Is the web designer and artist or a problem solver?
Yes, websites created with a talented web design will be beautiful. But that’s not why people or business need them. Websites are a way to solve business problems such as increasing sales, clicks, or sign ups. Different projects will have different problems and different measurements of success.
Actually, a web designer who is a good communication will make this distinction easy for you to see. They will clearly communicate their problem-solving skills.
The case study on the redesign of the Met from Fantasy explains a few different problems their redesign tackled. The design focused on helping users find exhibitions, plan a visit and even support the Met through donations. Unfortunately, their case study does not go into too many details of each problem. But, it is still a clear indication that the agency takes business objectives seriously.
Another example of a good and quick case study for Revue by Awkward. The case study is quick and the point. The case study explains the thinking process of how Awkward arrived at a solution. Like I said, the case study is quick and to the point but it clearly shows Awkward’s problem-solving skills.
Showing off the design process
I found that the best portfolios have case studies that show off the design process for each individual project. Most often it highlights that made the project awesome, interesting, or even difficult. It’s so much better than a separate process explanation because it’s relatable when it’s tied to a specific project. As a potential client or boss, you’ll get a clear idea of how the designer or agency works and thinks.

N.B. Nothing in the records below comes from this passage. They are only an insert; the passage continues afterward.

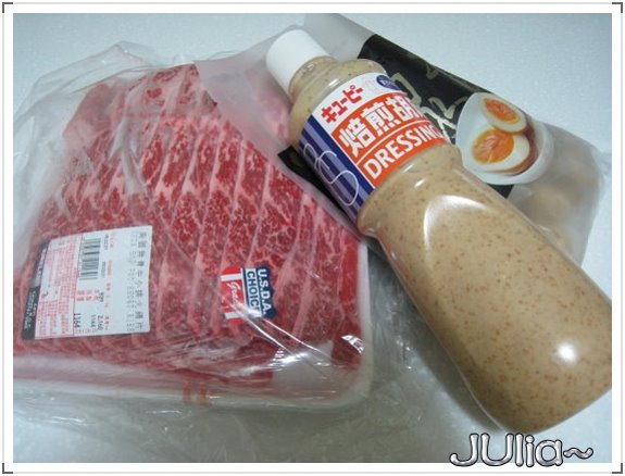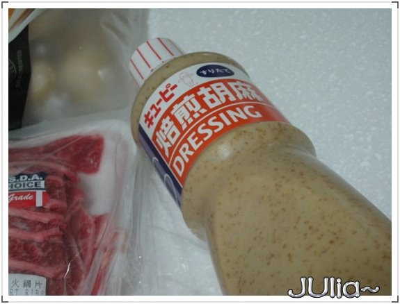 牛小排火鍋肉片、溫泉蛋、胡麻醬。
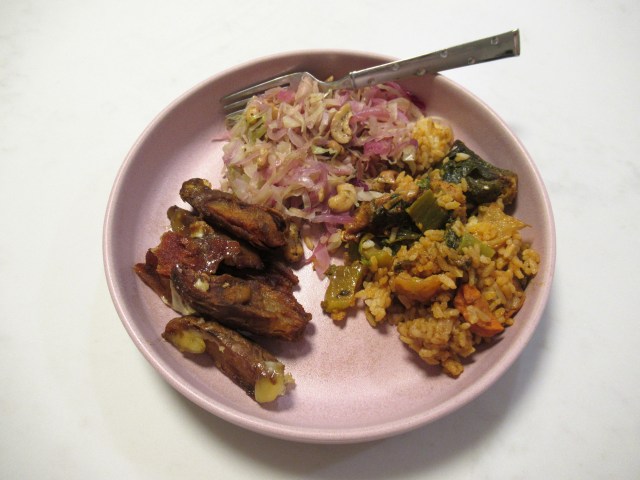 Crispy rice omelet. Eggs steamed on top of crisped-up leftover brown rice, kimchi, and extra-sharp cheddar. Plus roasted broccoli and baked chicken on the side.
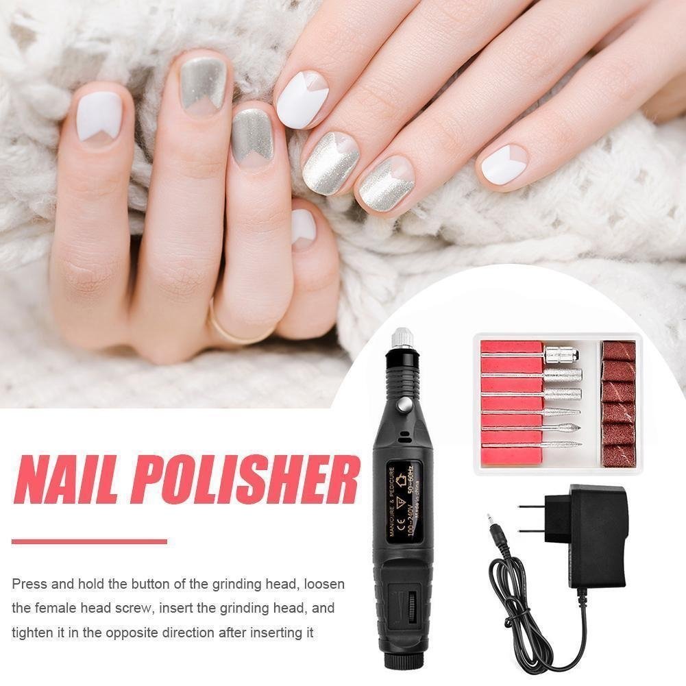 Elektrisk nagelfil som hjälper till att hålla naglarna i ett vackert utseende, den kommer med 6 bitar och 6 sandpapper. Det kan användas för nagelkonst, manikyr och pedikyr också.
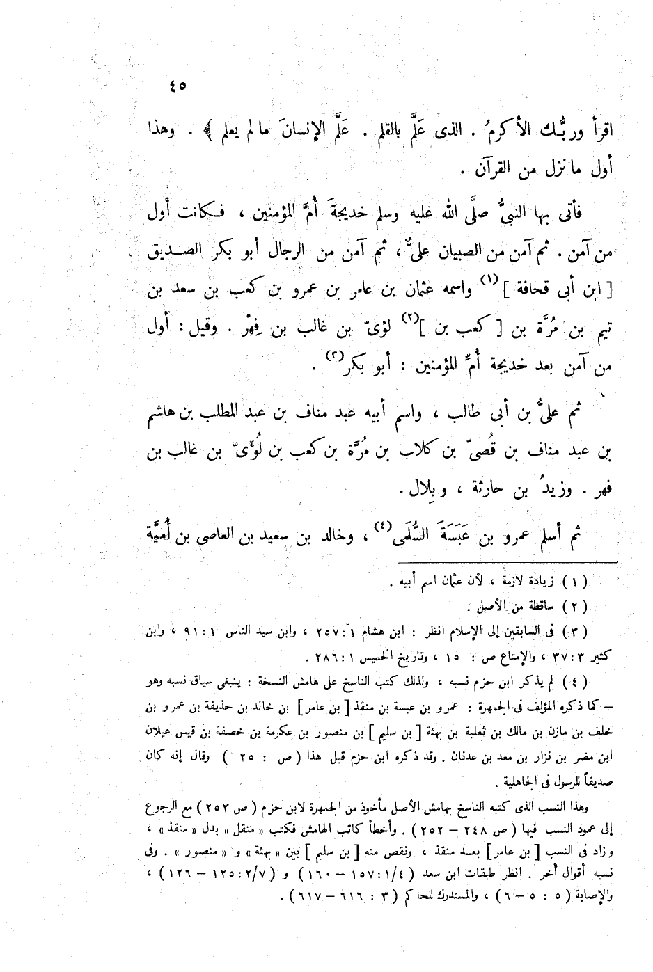 (3) في السابقين إلى الإسلام انظر: ابن هشام 1: 257، وابن سيد الناس 1: 91، وابن كثير 3: 37، والإمتاع ص: 15، وتاريخ الخميس 1: 286.
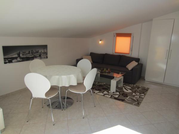 Apartmány Sara se nacházejí v nové a klidné části Medulin - Pošesi, a nachází se pouhých 100 metrů od pláže. Nejbližší pláž je skalnatá, a v blízkosti jsou i jiné typy pláže; štěrk, beton a písek. Procházky po pláži vede do centra Medulinu, kde ve večerních hodinách nabízí celou řadu akcí pro všechny věkové kategorie. Apartmány jsou moderně a čtyři z pěti apartmány mají nádherný výhled na moře.
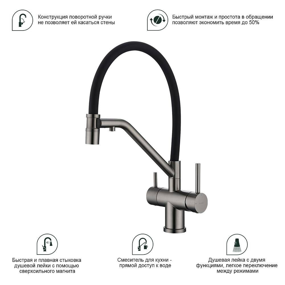 Смеситель для кухни Splenka S70.62.09 с подключением фильтра графит

Additionally, showing off the process will let everything else in this post fit right in. Sharing the process will also share a web designer’s communication skills. It will clearly indicate the designer is a problem solver because they are showing you how they solved the problems at hand. Having a few different projects will allow you to share different skills.
Some case studies can have a quick snippet about the done research, or about how responsive design was important to that project.